There is related confusion over religion's legal status. In his impassioned book The Last Freedom: Religion from the Public School to the Public Square, Joseph P. Viteritti, director of Hunter College's graduate program in urban affairs, asserts that religious freedom is being suppressed by cultural elites—an assessment echoed by many observers. But from other circles we get a sharply contrasting view: in God vs. the Gavel (Cambridge Univ. Press), for example, Marci A. Hamilton of Yeshiva University's law school argues that religious liberty has gotten out of hand as agitators twist the Constitution to unfairly claim "broad sway to violate the vast majority of laws."

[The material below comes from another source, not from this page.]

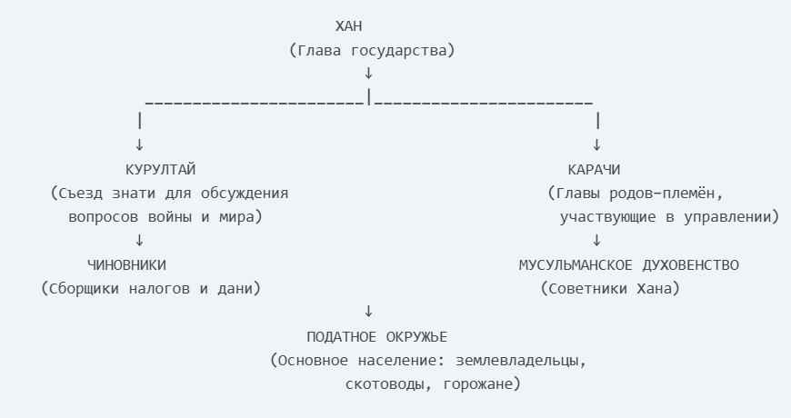 Золотая Орда распалась на следующие части: Крымское ханство, Казанское ханство, Астраханское ханство, Сибирское ханство, Ногайская Орда и Узбекское ханство.

With one-vote U.S. Supreme Court majorities on so many religious and moral disputes, the next president's nominees are likely to tip the balance. Viteritti counts among the experts who are dissatisfied with the Court's religion jurisprudence these past 60 years, though they reach no consensus on a solution. The prime example of this literature is Separation of Church and State (Harvard) by Philip Hamburger of the Columbia University Law School, who believes that the First Amendment, though written in order to limit government intrusion, has been interpreted so as "to constrain religion." In Religious Freedom and the Constitution (Harvard Univ. Press), Princeton University Provost Christopher L. Eisgruber and Lawrence G. Sager, law school dean of the University of Texas at Austin, argue that the familiar demand for a high wall of separation between church and state is "silly and incoherent." They advocate instead "equal liberty" that gives religion neither special privileges nor disabilities. In Divided by God (Farrar, Straus and Giroux), Harvard Law's Noah Feldman would tolerate bland public religious symbols (e.g., "under God" in the Pledge of Allegiance) but takes a tougher line against any public aid to "faith-based" schools or charities.
The Constitution famously forbids federal laws "respecting an establishment of religion, or prohibiting the free exercise thereof." Viteritti thinks the idea that this requires complete church-state separation would have been "unfathomable" to founders Jefferson and Madison. In outlawing Mormon polygamy in 1879, the Supreme Court ruled that while freedom of belief is absolute, religious actions may be curbed if they subvert the social order. In a 1940 Jehovah's Witnesses case, the Court for the first time extended the Constitution's religion demands to state and local governments. After that, Viteritti contends, the Court used the "establishment of religion" clause to protect purported interests of government or non-believers over against the "free exercise" of religious believers. A 1947 dictum held that governments cannot "pass laws which aid one religion, aid all religions, or prefer one religion over another." A 1971 elaboration stated that laws must have a "secular legislative purpose" and a "primary effect … that neither advances nor inhibits religion," and cannot foster "excessive" entanglement between church and state. Coherent application of those standards has proven elusive.